IBMEHCA DD IBMEHCAD at de.ibm.com
Tue Sep 20 05:48:14 PDT 2005


we released a 
https://sourceforge.net/projects/ibmehcad/ ehca2_0025
today which adresses most of these comments, 
and which survives most of pallas

Roland Dreier <rolandd at cisco.com> wrote on 25.07.2005 22:42:16:

> IBMEHCA> Hi, we've completed the first alpha code drop of the
> IBMEHCA> Power5 IBM eHCA Device Driver for the for the gen2
> IBMEHCA> openib.org stack.  We're running IPoIB and ibv userspace
> IBMEHCA> programs successfully with this code in our lab setup.
> 
> IBMEHCA> The source files can be downloaded from
> IBMEHCA> https://sourceforge.net/projects/ibmehcad/ ehca2_0011e
> 
> Thanks for posting this.  A few comments from a first read through.
> These are in no particular order, with minor nitpicks mixed in with
> more series problems.  Some more review is still needed before this
> code should go upstream.

> ehca (kernel driver):

> - Please use /* */ instead of // for comments

done

> - Can the debugging stuff be less ugly than EDEB_AV_EN() etc?
> Also the formatting of your goto labels is not very nice.  Instead
> of something like
> 
> EHCA_REG_SMR_EXIT0:
> if (retcode == 0)
> 
> I'd rather see

> out:
> if (retcode == 0)

we changed the goto statements to lower case, but didn't remove the 
numbering yet.
The numbering actually is sort of a coding pattern to detect cleanup bugs.
The idea behind it is that resources must be freed in the inverse order 
they where created,
so a
void * pd=malloc(4096)
if (0 == pd) {
   goto error_out_dealloc_pd
}
...
void * cq=malloc(4096)
if (0 == cq) {
   goto error_out_dealloc_cq
}
....
if (register_cq_fails) {
   goto error_out_dealloc_cq
}
...
void * qp=malloc(4096)
if (0 == qp) {
   goto error_out_dealloc_qp
}

goto out;

error_out_dealloc_qp
free(qp);
error_out_dealloc_cq
free(cq);
error_out_dealloc_pd
free(pd);
out:

return


would be more error prone than using numering. The basic idea is as soon 
as you allocate/register a resource (memory, HCA resources, kobject...)
increase the goto statement number by one
free in opposite order as allocated,
never skip a number during the initial checks
...and if you see sth like
if (...) goto out_0
if (...) goto out_2
if (...) goto out_1
it's very obviously wrong.


> 
> - In ehca_classes.c, it would be better to avoid using vmalloc() to
> allocate your structures.
done
> 
> - In ehca_common.h, all the stuff copied from from hvcall.h should be
> deleted.  Also, there are some functions that seem to use ugly
> return codes like H_Success for no good reason.
done (mostly, some of these defines are IB specific)
> 
> - The definitions of p_to_u64() etc. seem unnecesary and needlessly
> obfuscated.  You can always do
> 
> (unsigned long) ptr

> to cast a void * to u64, and

> (void *) (unsigned long) val
done

> - Similarly in ehca_qp.c,
> #define QP_ATTR_IS_SET(mask,attr)   (((mask)&(attr))!=0)
> is just needless obfuscation: just do the & directly where you need it.
done
> - In ehca_qp.c, is there a way we can take modqp_statetrans_table[]
> into common code and share with mthca_qp.c?
> 

well, maybe, modify QP is very complicated to get straight, but if 
somebody from mthca_qp.c thinks these are the right set of transitions
(this state machine base algorithm over the last 2 years) 

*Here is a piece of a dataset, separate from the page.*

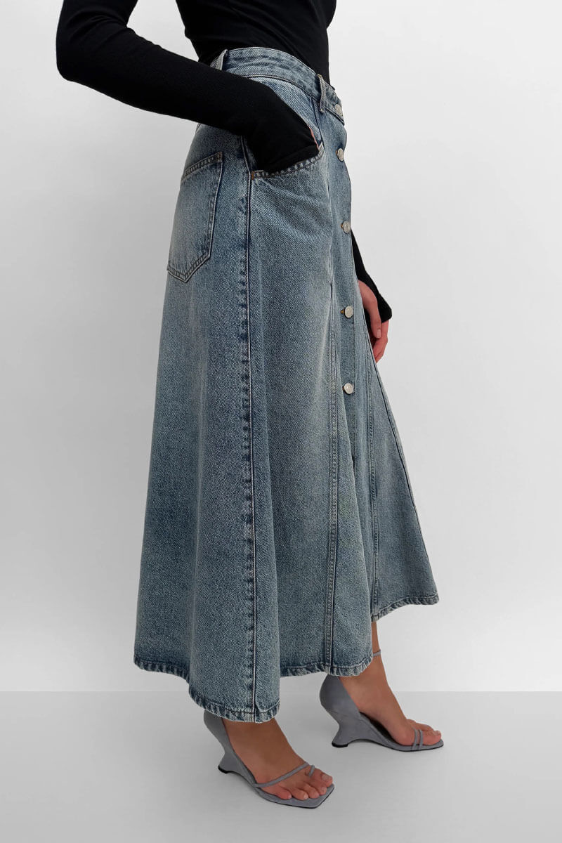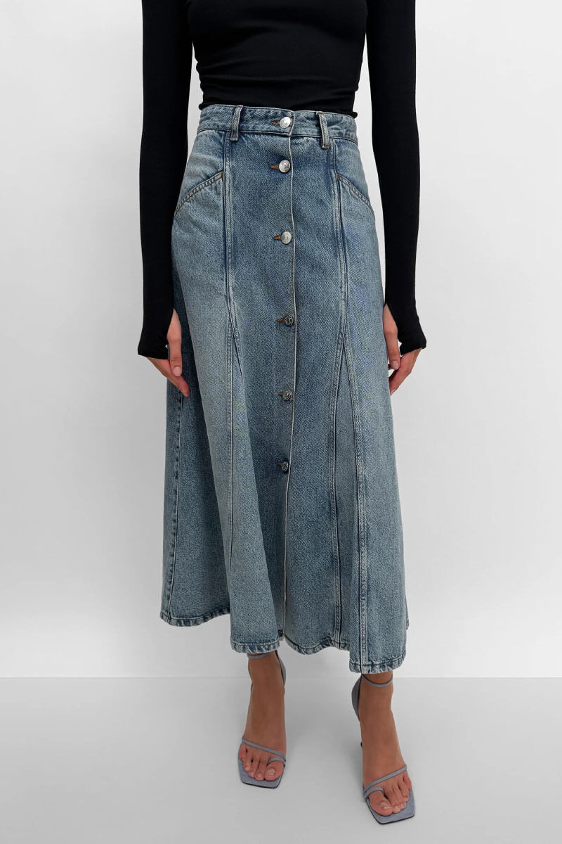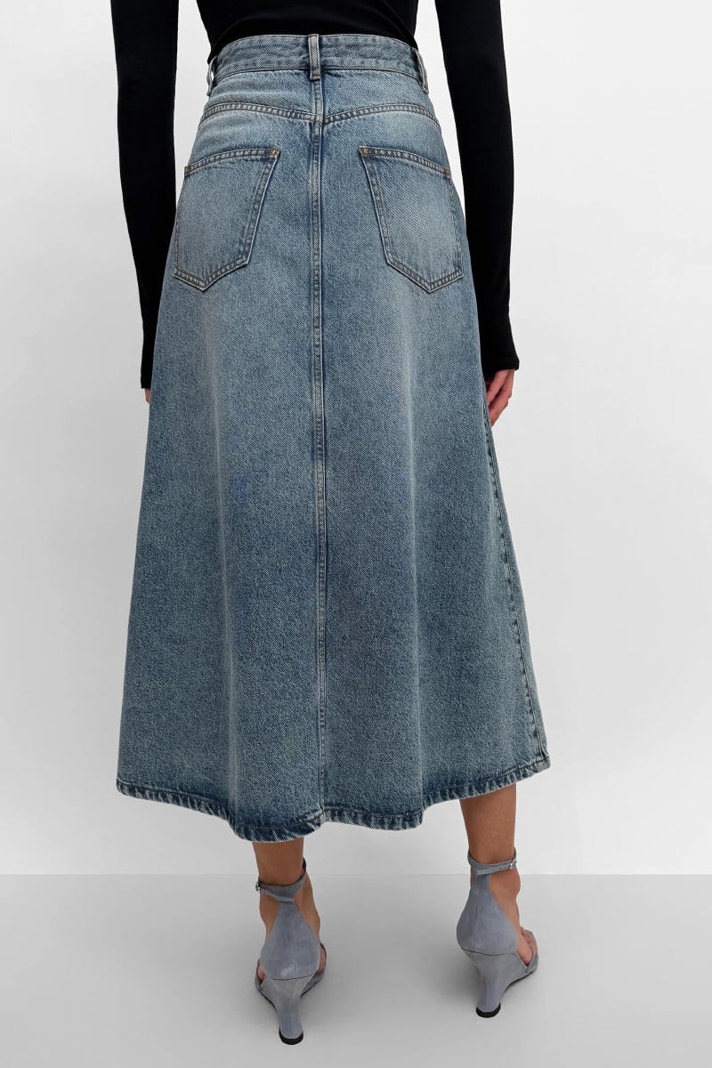Midilång denimkjol med medelhög midja, klassiska fem fickor och dekorativa v-insatser. Kjolen har en tidlös design och stängs med knappar längs hela framsidan.

> - It seems many source files include ehca_classes_pSeries.h
> directly.  They should probably include ehca_classes.h.  Also
> ehca_classes_zSeries.h seems to be missing.

done
we currently don't have a ehca_classes_zSeries.h 

> 
> Instead of defining P_SERIES on your command line, I think you
> should just include <linux/config.h> and test CONFIG_PPC_PSERIES
> and CONFIG_ARCH_S390 instead.
> 
> - In ehca_main.c, ehca_hca_resources_show() violates the "one value
> per file" rule for sysfs.  Either put this in debugfs or split it
> up into separate attributes in a subdirectory.

done
> 
> - What is ehca_register_pci() doing?  Why are you changing the main
> kernel's pci_dma_ops??  Shouldn't you be creating a device on your
> own virtual bus with it's own dma ops?
> 

done,
see ebus
we're currently trying to get that integrated into base ppc64 kernel

> - It seems ehca_nopage() accesses ehca_idr without taking the
> ehca_idr_sem, is this OK?
> 

good, point!
done
> libehca:



> - It would probably be a good idea to use GNU autotools to build
> libehca.  In particular you want to make the destination directory
> configurable.

done (partly)
this is the initial version of autotools build,
still learning how to use autotools in a better way...
> 
> - I don't think you should hard code -m64 in your CFLAGS or put
> /usr/local/lib64 anywhere -- I believe nearly everyone running
> ppc64 is using 32-bit userspace.  Have you tested 32-bit userspace
> on a 64-bit kernel?

32 bit userspace will be supported in one of the next versions.
we're running mvapich as 64 bit library

> 
> - I don't think the install should unconditionally delete
> /dev/infiniband and then create the device nodes -- this should
> really be handled by either udev or the distribution.
> 

removed that from standard build, still trying to figure out how to 
configure udev to automatically add the infiniband device nodes

> - In ehca_reqs_core.c, get rid of all the

> #ifndef __KERNEL__
> #define ib_recv_wr ibv_recv_wr
> #define ib_send_wr ibv_send_wr
> //#define ib_ah ibv_ah
> #define ehca_av ehcau_av
> #define unlikely(x) x
> // ib_wr_opcode
> #define IB_WR_SEND IBV_WR_SEND
> #define IB_WR_SEND_WITH_IMM IBV_WR_SEND_WITH_IMM
> #define IB_WR_RDMA_WRITE IBV_WR_RDMA_WRITE
> #define IB_WR_RDMA_WRITE_WITH_IMM IBV_WR_RDMA_WRITE_WITH_IMM
> 
> and so on.  It's not a good idea to try and use the same source for
> code that runs in the kernel and code that runs in userspace.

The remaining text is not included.